The prostate cancer tissue and the adjacent tissue were taken from the liquid nitrogen container for grinding. PC-3, DU-145, LNCaP and RWPE-1 cells were prepared into a cell suspension. The TRIzol reagent was used to extract total RNA from the tissues and cells, and an ultraviolet spectrophotometer was used to detect its purity and concentration. Each 5 µg of the total RNA was reverse transcribed into cDNA according to the instructions of the kits. The parameters were as follows: at 37°C for 15 min, at 42°C for 42 min, and at 70°C for 5 min. The transcribed cDNA was used for PCR amplification, during which β-actin was considered as an internal reference for Smad3 mRNA and U6 was considered as an internal reference for miR-129-3p. The reaction system was as follows: 1 µl of cDNA, each 0.2 µl of upstream and downstream primers, 10 µl of 2X Real-time PCR Master mix, 0.4 µl of Passive Reference Dye (50X), and ddH2O up to 20 µl. The conditions for Smad3 mRNA were as follows: pre-denaturation at 95°C for 5 min, and then cycling at 95°C for 30 sec and at 60°C for 45 sec for 40 times. The conditions for miR-129-3p were: pre-denaturation at 95°C for 15 min, cycling at 94°C for 10 sec and at 55°C for 40 sec, 40 times, and finally extension at 72°C for 30 sec. The upstream and downstream primers for miR-129-3p were 5′-CTTGTTGCGGTCTGG-3′ and 5′-TGCAGGGTCCGAGGT-3′. The primers for U6 were 5′-CTCGTCTCGGCAGCACA-3′ and 5′-AACGCTTCACGAATTTGCGT-3′. The primers for Smad3 mRNA were 5′-GGAACTTACAAGGCGACAC-3′ and 5′-TGGGAGACTGGACGAAA-3′. The primers for β-actin were 5′-CCCATCTACGAGGGCTAT-3′ and 5′-TGTCACGCACGATTTCC-3′. The relative expression of genes was expressed by 2−∆∆CT. A PCR instrument was used for real-time fluorescence quantitative PCR. The experiment was carried out 3 times. Calculation methods were as follows: for all test samples and calibration samples, the CT value of the internal reference gene was used to normalize that of the target gene: ∆CT (test) = CT (target, test) - CT (ref, test) ∆CT (calibrator) = CT (target, calibrator) - CT (ref, calibrator). Next, the ∆CT value of the calibration samples was used to normalize that of the test samples: ∆∆CT = ∆CT (test) - ∆CT (calibrator). Finally, the ratio of expression level was calculated: 2-∆∆CT = the ratio of expression.
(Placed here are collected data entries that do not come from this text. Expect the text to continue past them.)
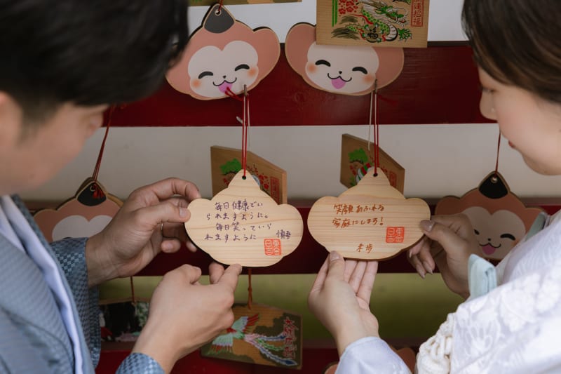 お猿さんの形の絵馬にも二人の願いや抱負を書きます。
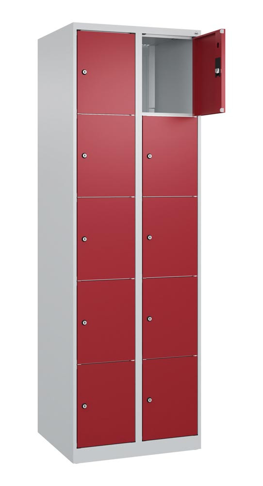 Fächerschrank, BxTxH 600x500x1850 mm, 2x5 Fächer, Abt.B 300 mm, bodenstehend, Schloss, glatte Türen, Farbwahl
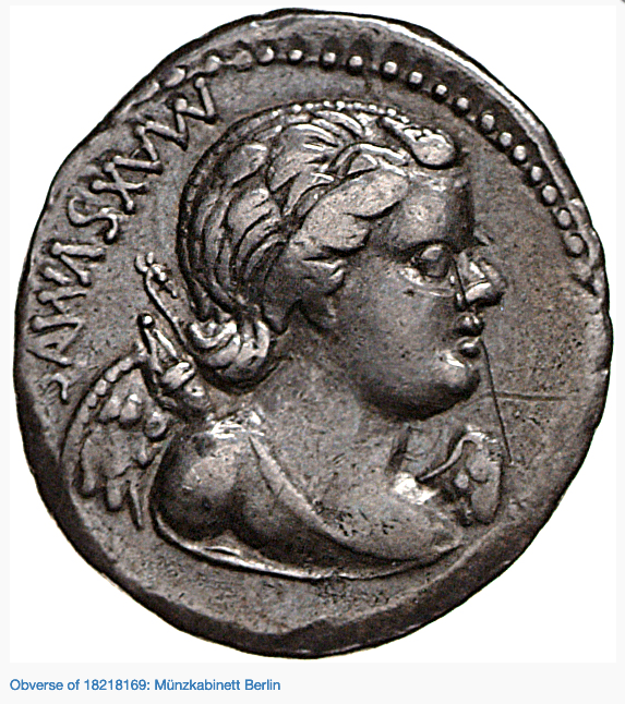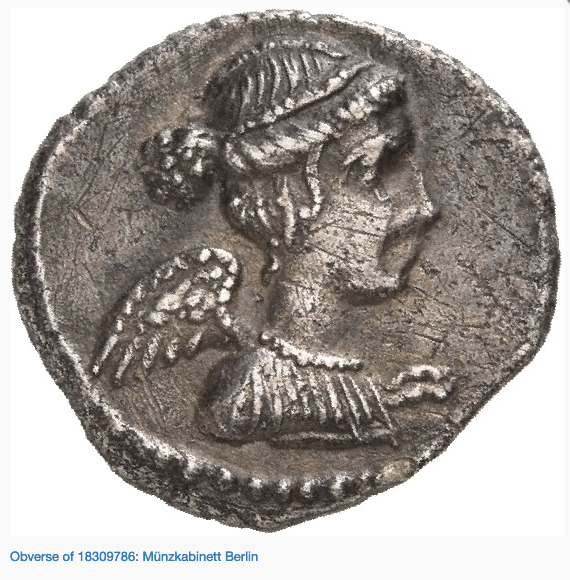 While most of the Victories with nodi hairstyles on the Republican series are thought to be portraits in the guise of important women (usually Fulvia; see below), arguably the first with a nodus was struck by P·SEPVLLIVS MACER in 44 BCE (RRC 480/25)
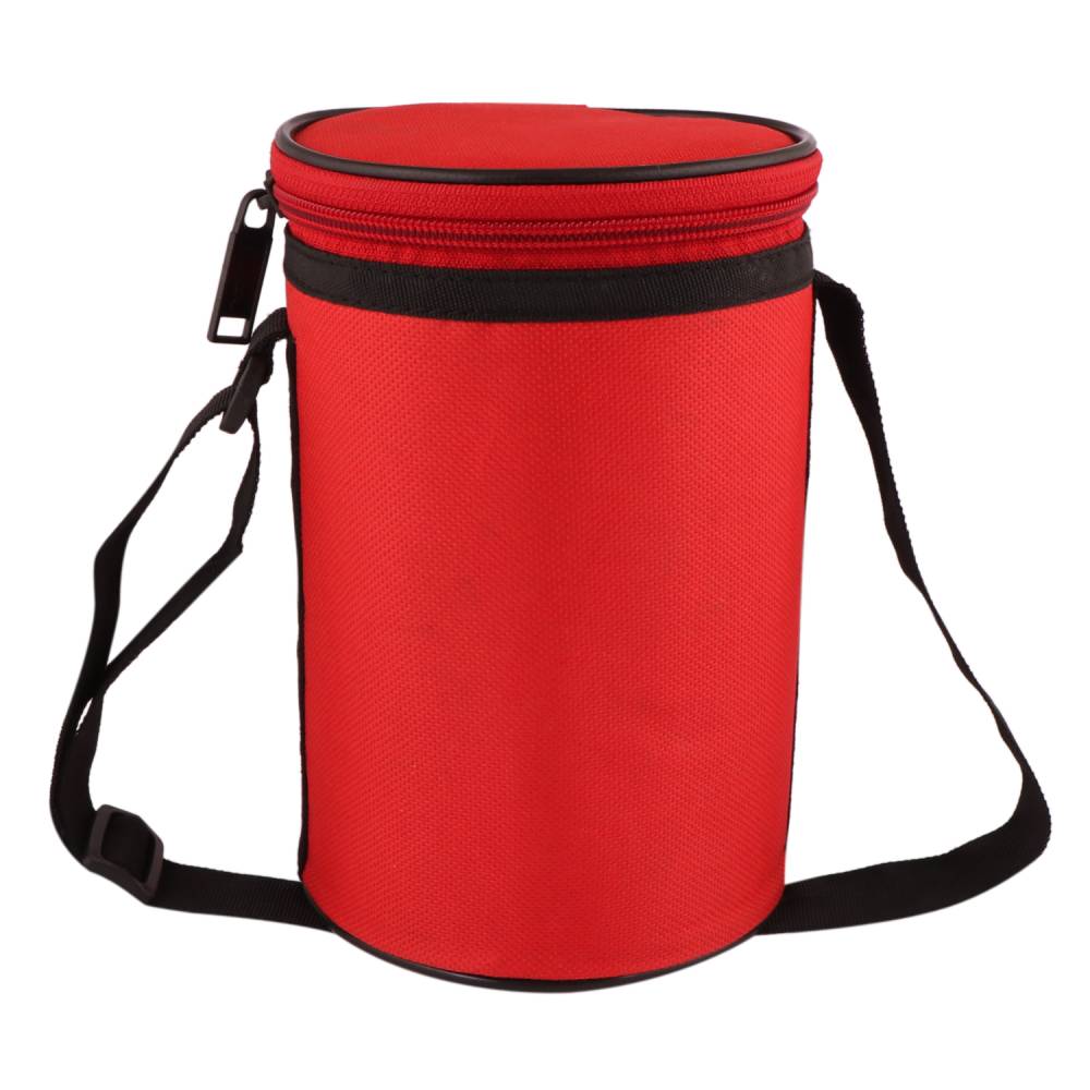 Packed inside an insulated round lunch bag to help retain food temperature for longer hours
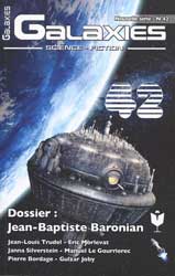 Pour cette quarante-deuxième livraison de la revue Galaxies, on nous offre des nouvelles de Pierre Bordage, Manuel Le Gourrierec, Éric Morlevat, Gulzar Joby, Jean-Louis Trudel (bien connu des lecteurs de Solaris) et Janna Silverstein. Aussi, un dossier-gigogne sur Jean-Baptiste Baronian et les articles (littérature, musique, cinéma, BD, etc).
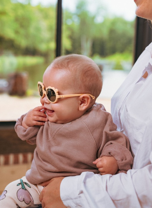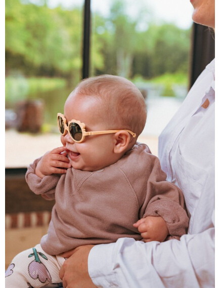 Към този модел очила има включена ластична лента, която да държи очилата на главичката на бебето.

Cell culture, passage, and transfection

The detection of miR-129-3p and Smad3 RNA expression levels showed that the expression level of miR-129-3p in PC-3 and LNCaP cells was lower than that in DU-145 cells, so PC-3 and LNCaP cells were selected for transfection and subsequent experiments. The two kinds of cells were cultured in a DMEM containing 10% PBS at 37°C and with 5% CO2. When the adherent growth and fusion reached 85%, the cells were digested with 25% trypsin and then continuously cultured in the medium for passage. Cas9 backbone plasmid was digested with two restriction endonucleases (KpnI and XhoI), and then the digested product was recovered through agarose gel electrophoresis. The digested fragment was about 5 kb. After that, miR-129-3p-mimics, miR-129-3p-inhibitor, miR-NC, Si-Smad3, and Si-NC were, respectively, transfected into cells in the logarithmic phase. According to the instruction of the Lipofectamine 2000 manufacturer's kit, Lipofectamine 2000 was mixed with miR-129-3p-mimics and then incubated at room temperature for 5 min. Finally, the mixture was evenly mixed with the cells and then transfected at 37°C with 5% CO2.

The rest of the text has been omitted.